徳島市国府町の不動産会社「RK」による投資詐欺事件で、県警捜査2課と徳島名西署は13日、県内の男性から900万円を詐取した詐欺の疑いで、代表取締役の男(42)=東京都世田谷区、本籍・徳島市=を逮捕した。調べに対し「だますつもりはなかった」と容疑を否認している。

 容疑者は兵庫県内の別の男性から1500万円を詐取した詐欺罪で9月に実刑判決を受けて控訴しており、この日、同県洲本市の洲本拘置支所から署に移送後、逮捕された。

 逮捕容疑は、2018年8月9日、松茂町内の知人男性=当時(40)=から、不動産投資名目で現金900万円をだまし取ったとしている。犯行当日、男性に対し「差し押さえ物件を格安で購入できる」「それを転売や短期賃貸し、配当を出す」などとうそをついていた。

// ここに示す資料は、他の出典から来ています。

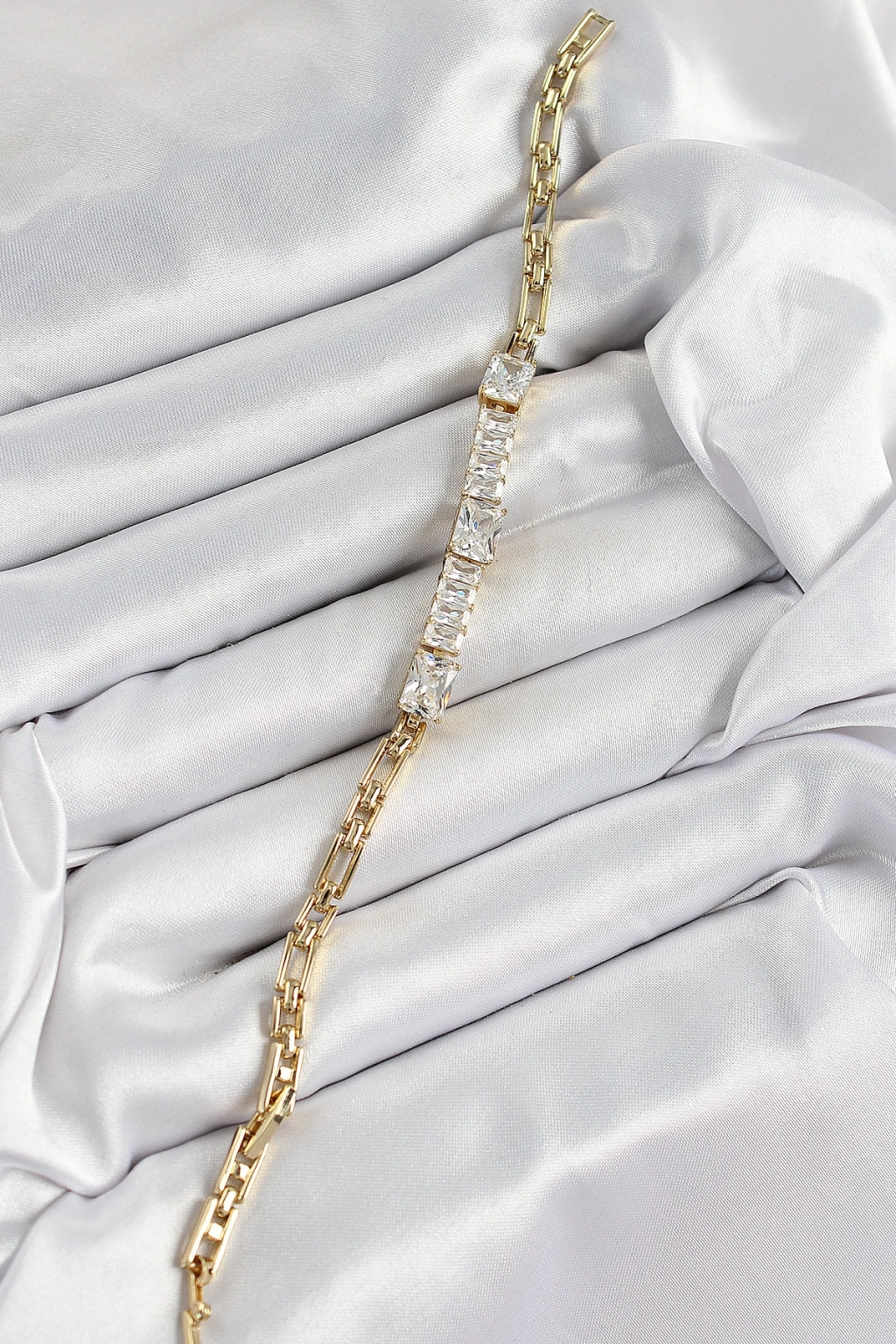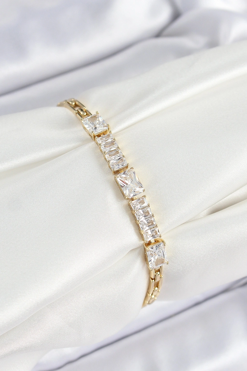 Gold Renk Zirkon Taşlı Sıralı Yonca Model Asansörlü Kadın Bileklik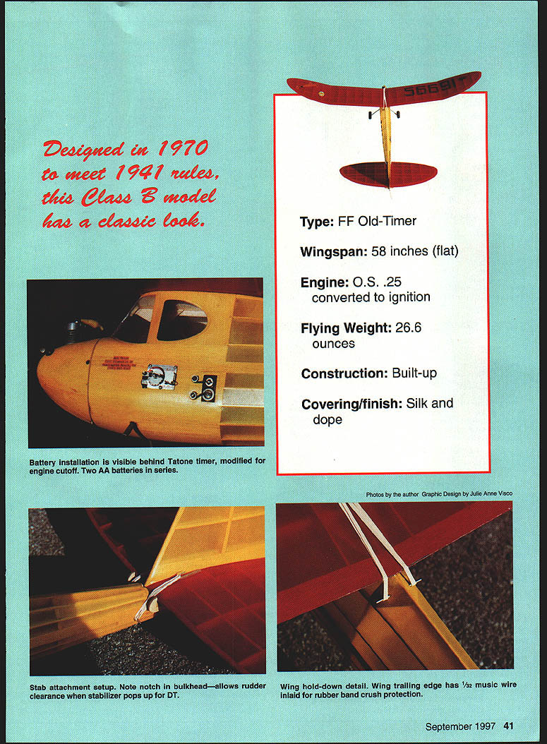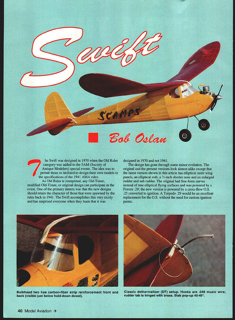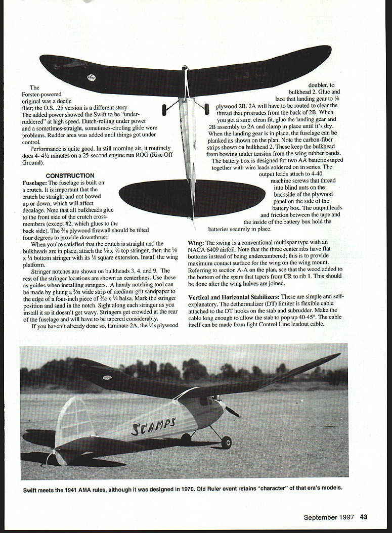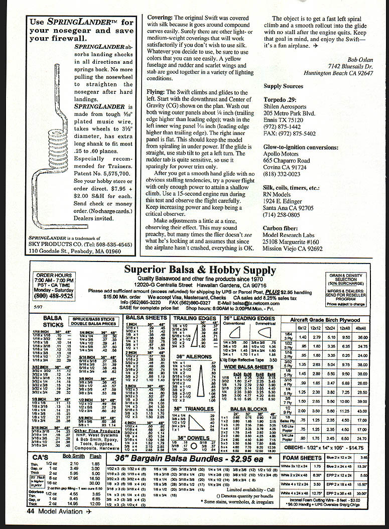 lieS categi Antiqrv t th specificE As Old jified Old-Timt t p uld setain ci s back 1941 surprised evc de too istothe pan 11 theinst 25 re p minor evoluti almost alike e excellent neeo ror custom ignition I Type FE Old-Timer Wingspan 58 inches flat Engine OS 25 converted ignition Flying Weight 266 ounces Construction Built-up Covering/finish Silk dope Forster-powered original docile flier OS 25 version different story r added power showed Swift under ruddered high speed Dutch-rolling under power sometimes-straight sometimes-circling glide problems Rudder area added until things got under control Performance quite good still morning air routinely does 4- 4/2 minutes 25-second engine run ROG Rise Off Ground CONSTRUCTION Fuselage fuselage built crutch important crutch straight bowed up down will affect decalage Note bulkheads glue front side crutch crossmembers except #2 glues back side 3A6 plywood firewall should tilted four degrees provide downthrust youre satisfied crutch straight bulkheads place attach /8 x 3/ top stringer /s x om stringer its /s square extension Install wing platform Stringer notches shown bulkheads 34 9 rest stringer locations shown centerlines Use guides installing stringers handy notching tool can made gluing A2 wide strip medium-grit sandpaper edge four-inch piece /32 x a Mark stringer position sand notch Sight along stringer install doesnt get wavy Stringers get crowded rear fuselage will have tapered considerably havent already done laminate 2A 1A6 plywood doubler bulkhead 2 Glue lace landing gear /s plywood 2B 2A will have routed clear 1 thread protrudes back 2B get sure clean fit glue landing gear 2B assembly 2A clamp place until its dry landing gear place fuselage can planked shown plan Note carbon-fiber strips shown bulkhead 2 keep bulkhead bowing under tension wing rubber bands battery box designed two AA batteries taped together wire leads soldered series output leads attach 4-40 machine screws thread blind nuts backside plywood panel side battery box output leads friction between tape inside battery box hold batteries securely place Wing swing conventional multispar type NACA 6409 airfoil Note three center ribs have flat bottoms instead being undercambered provide maximum contact surface wing wing mount Referring section A-A plan see wood added bottom spars tapers CR rib 1 should done after wing halves joined Vertical Horizontal Stabilizers simple selfexplanatory dethermalizer DT limiter flexible cable attached DT hooks stab subrudder Make cable long enough allow stab pop up 4045o cable itself can made light Control Line leadout cable September 1997 43 Swift meets 1941 AMA rules although designed 1970 Old Ruler event retains character eras models Use SPRINGLANDERTM nosegear save firewall SPRINGLANDER ab sorbs landing shocks directions springs back No pulling nosewheel straighten nosegear after hard landings SPRINGLANDER K ealers invited made tough /ii plated music wire takes wheels 3 diameter has extra long shank fit 25 60 planes Especially recom mended Trainers Patent No 5575700 See hobby store order direct $795 S&H Send check money order No chargecards SPRINGLANDER trademark SKYPRODUCTS CO Tel 508-535-4545 110 Goodale St Peabody MA 01960 Covering original Swift covered silk because goes around compound curves easily Surely other light- medium-weight coverings will work satisfactorily dont wish use silk Whatever decide use sure use colors can see easily yellow fuselage rudder scarlet wings stab good together variety lighting conditions Flying Swift climbs glides left Start downthrust Center Gravity CG shown plan Wash out both wing outer panels about trailing edge higher leading edge wash left inner wing panel 3A6 inch leading edge higher trailing edge right inner panel flat should keep model spiraling under power glide straight use stab tilt get left turn rudder tab quite sensitive use sparingly power trim After get smooth hand glide no obvious stalling tendencies try power flight enough power attain shallow climb Use 15-second engine run during test observe flight carefully Keep increasing power keep being critical observer Make adjustments liffle time observing effect may sound preachy times flier doesnt see what hes looking assumes since airplane hasnt crashed everything OK object get fast left spiral climb smooth rollout glide no stall after engine quits Keep goal mind enjoy Swift its fun airplane Oslan 7142 Bluesails Dr Huntington Beach CA 92647 Supply Sources Torpedo 29 Shilen Aerosports 205 Metro Park Blvd Ennis TX 75120 972 875-1442 FAX 972 875-5402 Glow-to-ignition conversions Apollo Motors 665 Chaparro Road Covina CA 91724 818 332-0023 Silk coils timers etc RN Models 1924 E Edinger Santa Ana CA 92705 714 258-0805 Carbon fiber Model Research Labs 25108 Marguerite #160 Mission Viejo CA 92692 HOURSSuperior Balsa & Hobby SupplyGRAIN & 700W 700 ity Balsawood other fine products since 1970 CTION PST -CA TIME 20-G Centralla Street Hawaiian Gardens CA 9071650% SURCHARGE Monday SaturdayPlease add sufilcieni amount excess refunded sliippeng UPS Parcel Post handlingMFGRS & DEALERS END FOR RESELLER 800 488-9525 500 Mm order accept Vise Mastercard Checks CA sales add 825% sales tax GRAM Info 562868-3220 FAX 5628800327 E-Mail baIsa@ixnatcomcomPits. malect clung 5197 SE complete price list Shop hours 800AM 300PM Mon Fri BALSAepwcwss BALSA SHEETS TRAILING EDGES 36 LEADING EDGESAIrcraft Grade Uirch Plyvogd STICKS 0OmLE SALSA pmcs enlotul8412 12x12 12x24 12x48 48x48 3/183/4 35 47A Wi3/321113142114x1It ~i CiJ 1/183/32 10 1/43/827 338136 3/8 xI-1/28885 l/4a3182796109603600 1/1681/810141/41/229 41 162781/22 LJ 601132 xl6788314 3160 3/81/2 85 1/21/2105 95180 336636 2476 11188311811151/451837 50112 XI761041/23/4 146 3/43/4160 1/lOx 11412151/4 3/442 561116 I/lOx 31813182180643848 1/181/21721imrax. 36AILERONS3141 170 lxi185 95180 335626 2400 1/183/42229Wi182361118a2~136283 504975 3800 5/18 3/831 393/32248811/4 1dg Edge Rellecive Tape350 3/52304384881181/238 483/182607411

 署などによると、容疑者は共通の知人を介して男性と知り合った。現金の受領後、男性に配当金を支払ったり、出資金を返したりしないまま、18年11月ごろ行方不明となった。翌12月に会社と自身の破産手続き開始を徳島地裁に申し立て、手続きは現在も続いている。

 県警は19年9月に刑事告訴を受理し、捜査してきた。関係者によると、容疑者が男性に投資先として示した不動産は徳島市内のマンション1棟など2件で、県警は2件の不動産取引が実在していなかったとみており、今後追及する方針。